16 listopada, 2024

wzoryikolory.pl

kolory życia codziennego

Pogardzony bohater, który pomagał ofiarom powodzi, padł ofiarą kradzieży pieniędzy w wysokości 30 tys. zł.

Pogardzony bohater, który pomagał ofiarom powodzi, padł ofiarą kradzieży pieniędzy w wysokości 30 tys. zł.

Mieszkaniec Szczepankowa w Poznaniu w połowie września pojechał w rejon Kłodzka (woj. dolnośląskie), gdzie wielka woda wyrządziła ogromne szkody – zniszczyła domy, zalała ulice miasta, zrujnowała infrastrukturę. Po tym, jak stało się coś, czego zupełnie się nie spodziewał.

„Musiałem jednak pakować sprzęt przed ukończeniem prac i wracać do Poznania ratować swoje, nie wiedziałem jeszcze, co zginęło” – powiedział portalowi epoznan.pl. Jak się okazało, rabusie musieli doskonale zdawać sobie sprawę, że mężczyzna niesie pomoc poszkodowanym przez żywioł. Wykorzystali jego nieobecność i na poznańskim Szczepankowie – podał lokalny serwis.

Z ustaleń policji wynika, że do kradzieży mogło dojść w nocy z piątku na sobotę (20/21.09). Złodzieje ukradli również mniejsze. „Policjanci przyjęli zawiadomienie dotyczące kradzieży z włamaniem do magazynu przy ul. Roślinnej na poznańskim Szczepankowie. Trwają teraz czynności zmierzające do zatrzymania sprawców przestępstwa” – wyjaśnia mł. asp. Łukasz Paterski z poznańskiej Policji, cytowany przez portal.

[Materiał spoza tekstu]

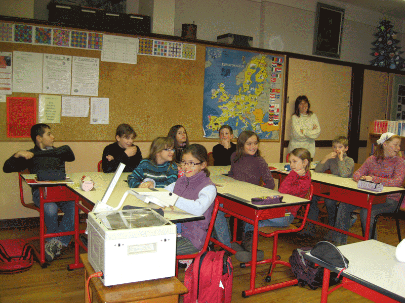 En 2006, M. Jund avait fait une première intervention. La classe avait gardé la grande carte comportant les différents pays membres de l'Union, les symboles les caractérisant chacun et leurs drapeaux nationaux respectifs.

Właściciel magazynu na poznańskim Szczepankowie podejrzewa, że. Złodzieje nie śpią w czasie powodzi, tylko wykorzystują tragedię ludzi, którzy musieli opuścić swoje domy. W zeszły czwartek dwóch mężczyzn podejrzanych o szabrownictwo zostało zatrzymanych w zniszczonym przez powódź Lądku-Zdroju. Szabrownikowi grozi 8 lat więzienia; został aresztowany na dwa miesiące.

Przedmioty należące do mieszkanki Kłodzka zostały wystawione na zewnątrz z zalanych pomieszczeń, aby wyschły. Wartość zrabowanego sprzętu to 5 tys. zł. Jak informował premier Donald Tusk, „surowiej niż w innych okolicznościach”.